*** Opening of Record extracts ***

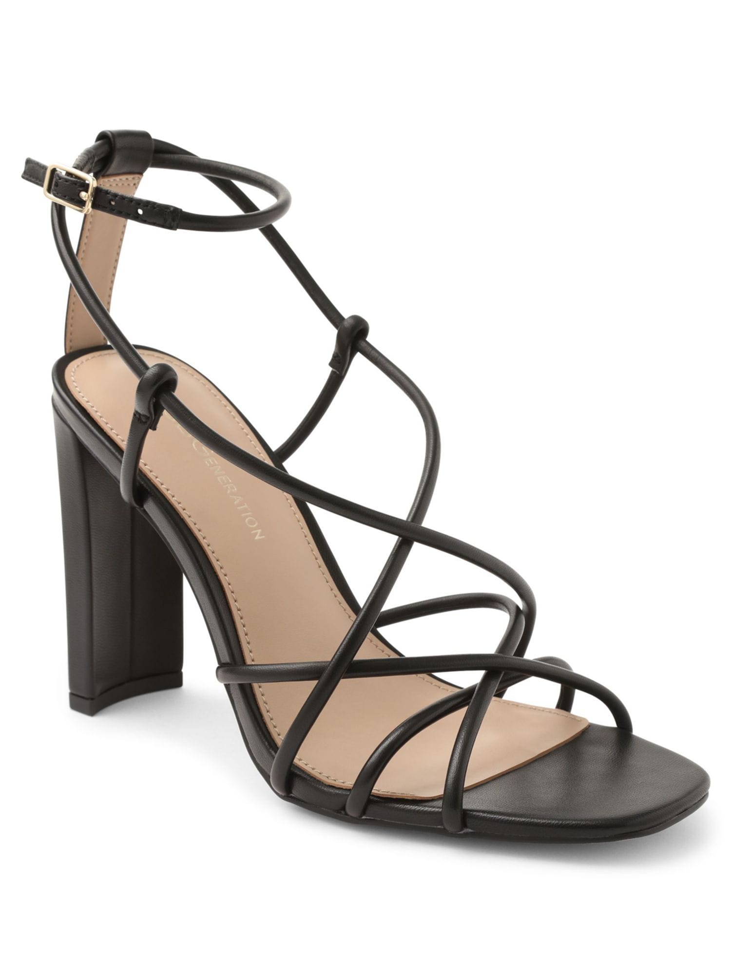 10311676 BCBGENERATION $99 MSRP Womens Black Crisscross Straps Ankle Strap Strappy Comfort Wanni Square Toe Sculpted Heel Buckle Leather Sandals Shoes 6.5 M
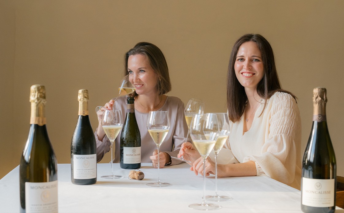 Moncalisse ist ein junges, ambitioniertes Weingut aus dem Trentino, gegründet 2016 von den Schwestern Julia und Karoline Walch, Nachkommen der renommierten Winzerfamilie Elena Walch. Das Weingut liegt am Fusse des Monte Calisio nördlich von Trient, wo auf rund 600 Metern Höhe ideale Bedingungen für elegante und spannungsgeladene Trentodoc-Schaumweine herrschen. Die 12 Hektar Weinberge sind konsequent auf die traditionellen Rebsorten des Metodo Classico ausgerichtet. Die Höhenlage, kargen mineralischen Böden und starken Tag-/Nacht-Temperaturunterschiede sorgen für eine ausgeprägte Frische, Finesse und aromatische Klarheit in den Grundweinen. Nachhaltigkeit, naturnahe Bewirtschaftung und eine sorgfältige Laub- und Traubenarbeit gehören zur Philosophie von Moncalisse. Im Keller folgt man strikt der traditionellen Flaschengärung, kombiniert mit moderner Präzision und langer Hefelagerung. Die Weine von Moncalisse zeichnen sich durch eine straffe Struktur, präzise Perlage und markante Mineralität aus. Ziel des jungen Hauses ist es, die einzigartigen Eigenschaften des Monte-Calisio-Terroirs im Glas erlebbar zu machen und Schaumweine mit Eleganz, Tiefgang und Lagerpotenzial zu schaffen. Mit ihrer klaren Stilistik und ihrem Fokus auf höchste Qualität positioniert sich Moncalisse als eine der spannendsten neuen Stimmen im Trentodoc.
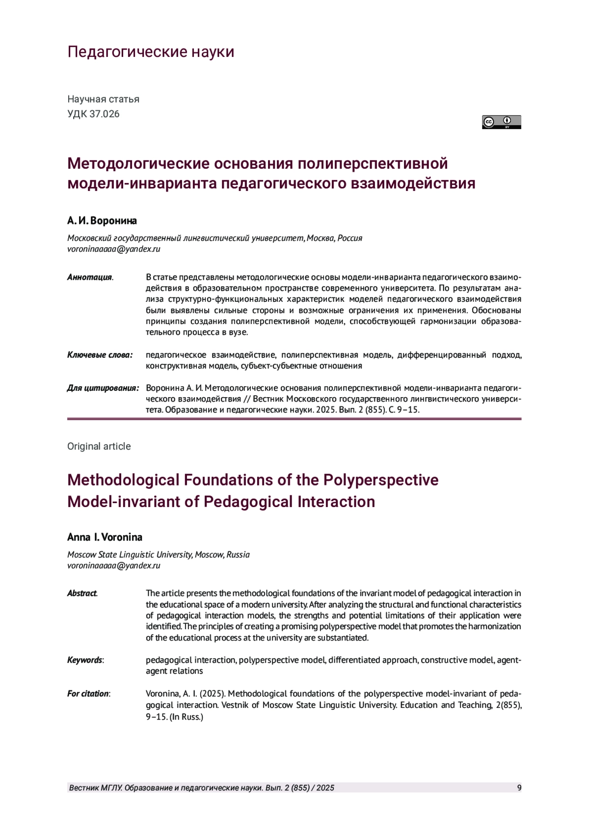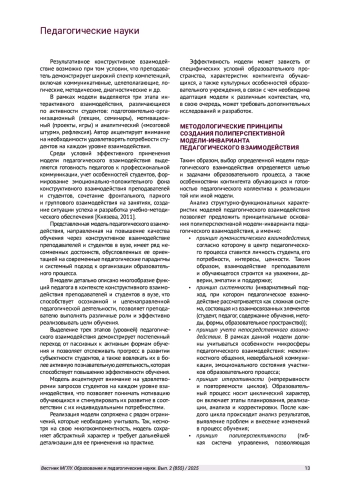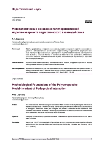 В статье представлены методологические основы модели-инварианта педагогического взаимодействия в образовательном пространстве современного университета. По результатам анализа структурно-функциональных характеристик моделей педагогического взаимодействия были выявлены сильные стороны и возможные ограничения их применения. Обоснованы принципы создания полиперспективной модели, способствующей гармонизации образовательного процесса в вузе.
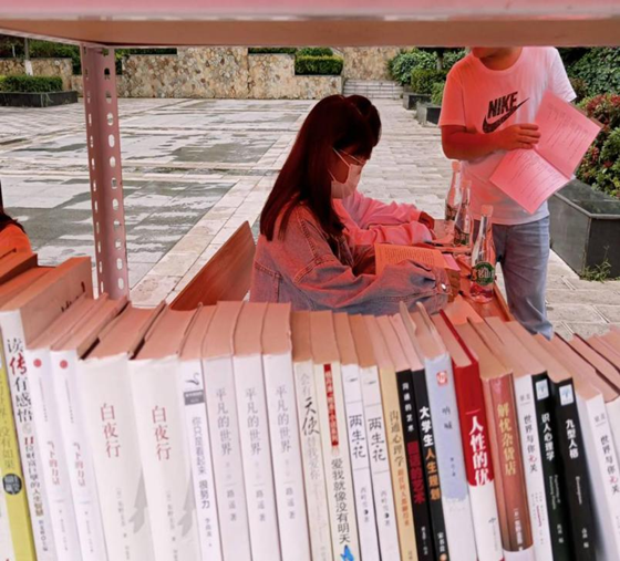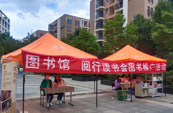 阅行读书会从图书馆挑选优质图书,把好书带出图书馆,带到同学们能够方便看到的地方,让好书主动走出去,走到校园中方便同学们借阅的地方。活动开始前,书会会员们积极搭建宣传场地,热情地参与到活动当中,他们成为阅读的使者,贡献着自己的力量。在活动开展中,路过的同学好奇地过来看发生了什么,在工作人员的讲解下,不少同学立刻兴致勃勃地在活动现场借阅图书。
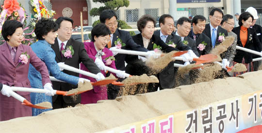 24일 전주 종합경기장에서 열린 여성일자리센터 기공식에서 참석자들이 시삽을 하고 있다.
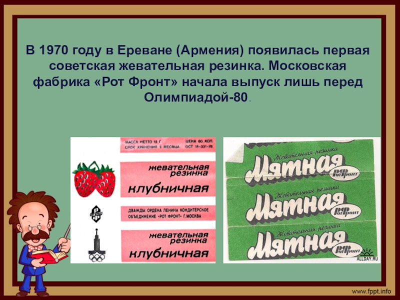 Слайд 13В 1970 году в Ереване (Армения) появилась первая советская жевательная резинка.
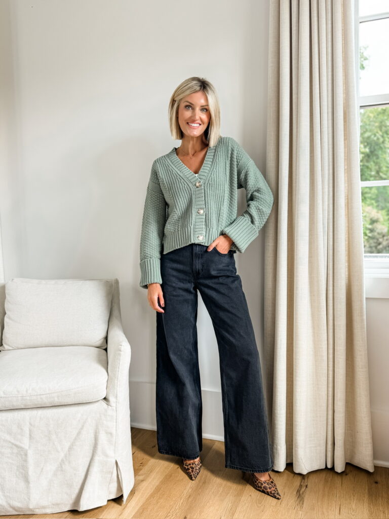 To wrap things up, I wanted to share a few looks that are perfect as we start transitioning into cooler weather. First is this cozy ribbed sweater from Loft, a timeless closet staple that can be dressed up for the office or styled more casually like I did here with black jeans and sneakers. Next is a sage green cotton-blend sweater from Abercrombie. I’m obsessed with the textured fabric, it adds such a nice touch. I kept it simple by pairing it with the same black jeans and cheetah print kitten heels. And last but not least, this cropped trench coat (also from Abercrombie) is such a great piece as we head into fall. I styled it with a white bodysuit, relaxed high-rise jeans, and those same kitten heels for a polished, transitional look.
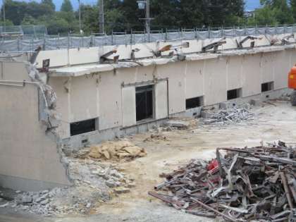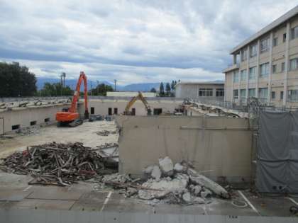 旧体育館の解体工事が進んでいます。写真は現在の様子です。跡地には駐車場が設けられる予定です。
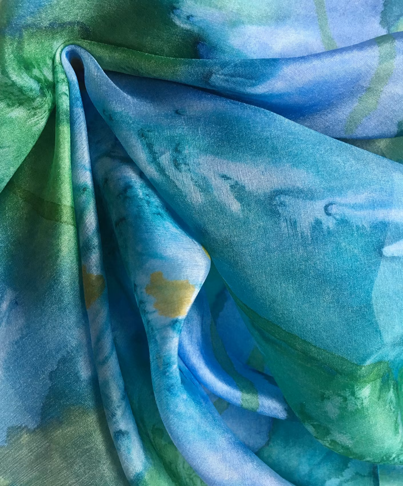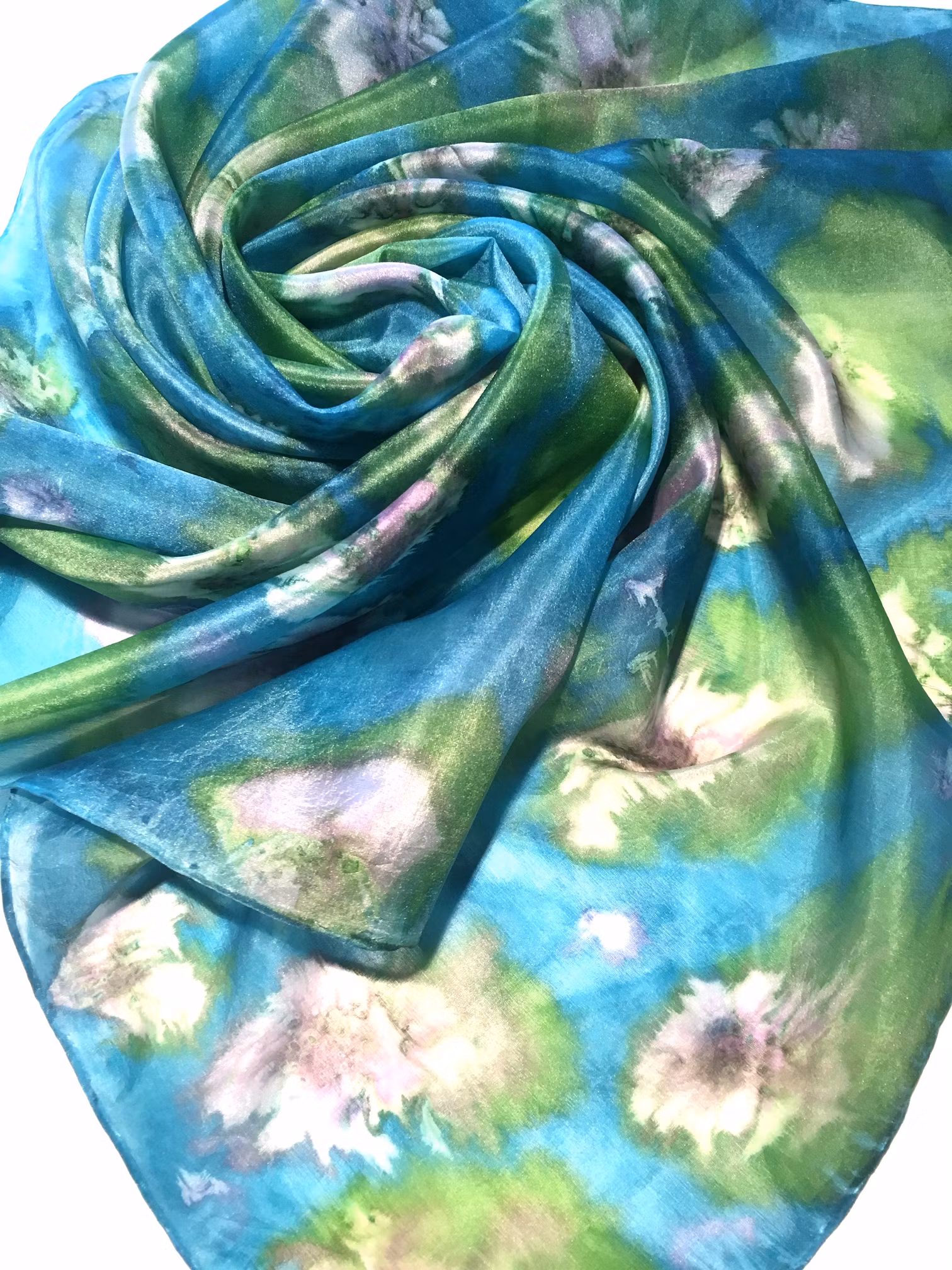 I lager. Antal: 1 208 - Flowers in the stream 750 kr Lägg i korgen Artikelnummer: 208 Leverantör: Ljust lilavita näckrosor och baldgrönt som flyter fram på ett turkosblå skiftande vatten. Stor, skir sidensjal en riktig favorit att använda gång efter gång vid många olika tillfällen.75x75 cm22g
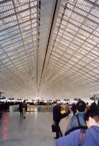 ROOMで出発直前まで原稿を執筆されていた堀先生の姿を見たのは私だけだったであろうか。これから先の行程を暗示するような風景ではあった。 定刻の12時ちょうどに車輪止めがはずされ(たような気がした。)、エールフランス275便は動き出した。12時25分離陸。途中気流の関係で何度か大きな揺れがあったこと、到着予定のFターミナルでなくCターミナルに到着したことを除けば、ほぼ予定どおりの11時間45分の飛行時間を経て、フランス時刻午後5時10分、機はパリ・シャルルドゴール空港に到着した。 実は、飛行機が予定どおり飛んだのはこれが最初で最後だった(これについては、後で。)。 ![]() 写真1 シャルルドゴール空港Fターミナル |
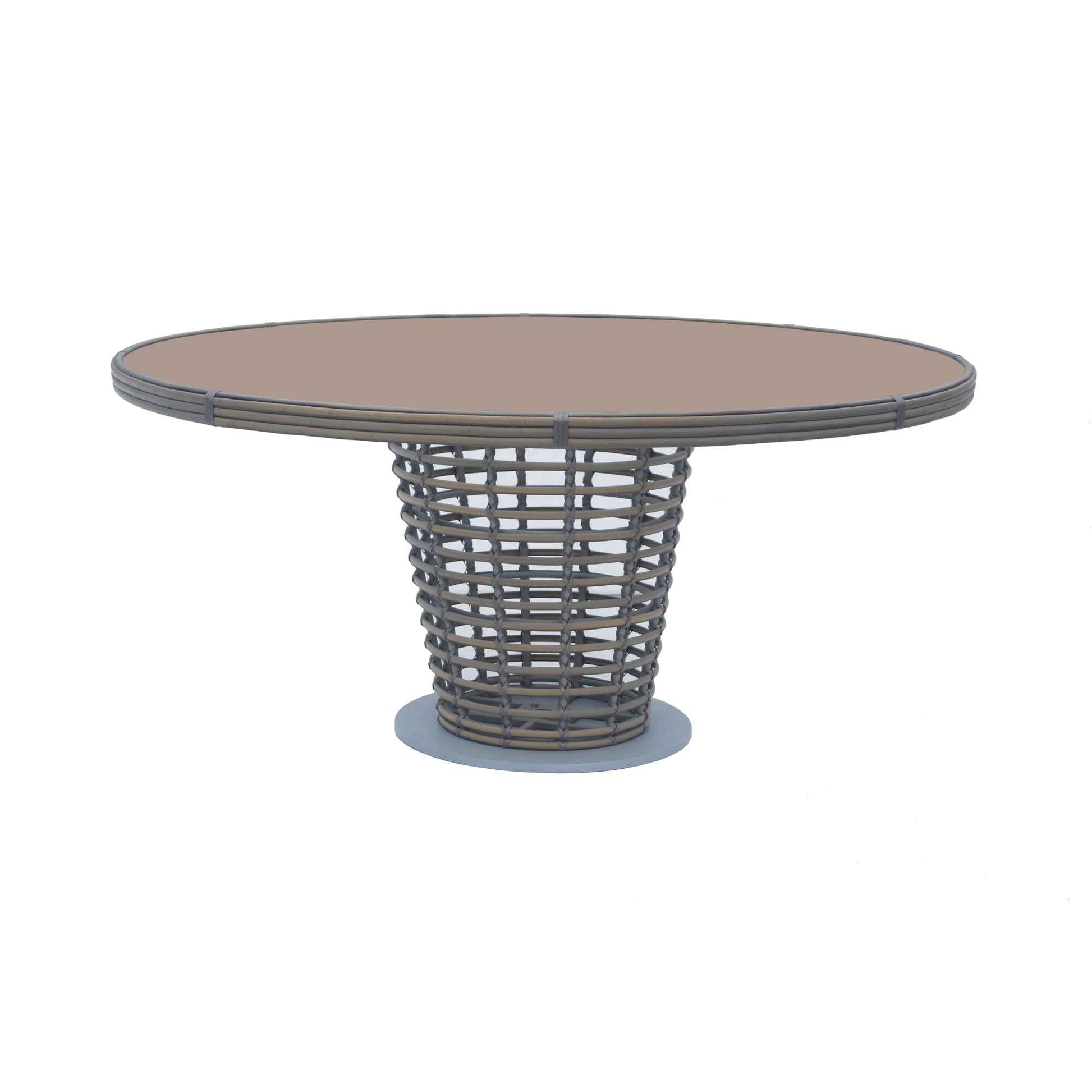 The Ruby Round Dining Table adds an elegant and airy feel to outdoor dining spaces. Its handwoven synthetic fiber frame in a silver walnut finish creates a unique floating effect. The tempered glass tabletop enhances durability while showcasing the intricate craftsmanship. Ideal for outdoor patios, terraces, and stylish alfresco dining.
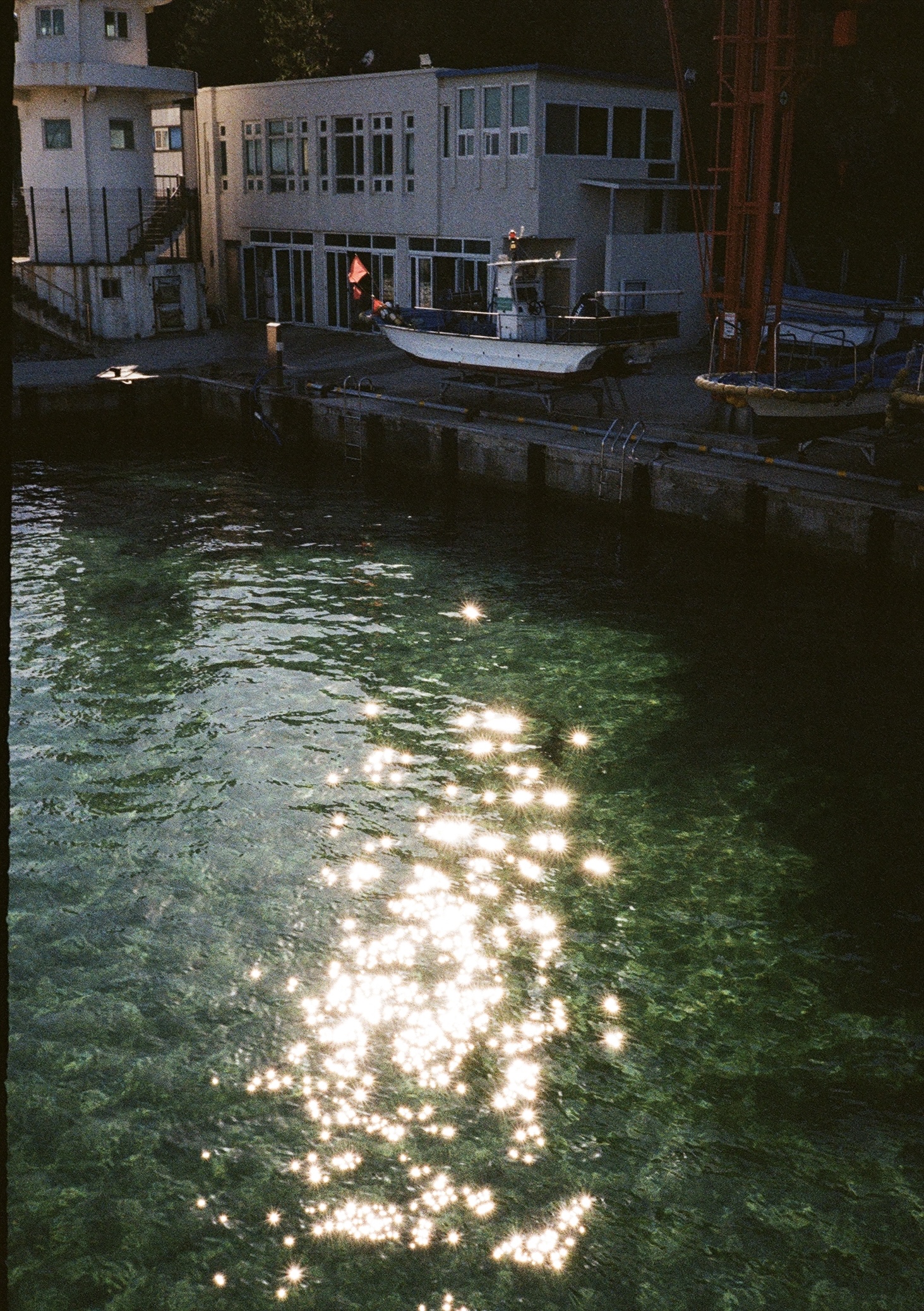 바다와 부두위 배 위로 올려진 반짝이는 빛이 포인트입니다.

*** Close of Record extracts ***

What to work on: The lines to copy exactly start with the line above that has "24일 전주 종합경기장에서" and go on through the line that has "Слайд 13В 1970"; please include both, add nothing else, and omit the pictures.

Response box:
 24일 전주 종합경기장에서 열린 여성일자리센터 기공식에서 참석자들이 시삽을 하고 있다.
 Слайд 13В 1970 году в Ереване (Армения) появилась первая советская жевательная резинка.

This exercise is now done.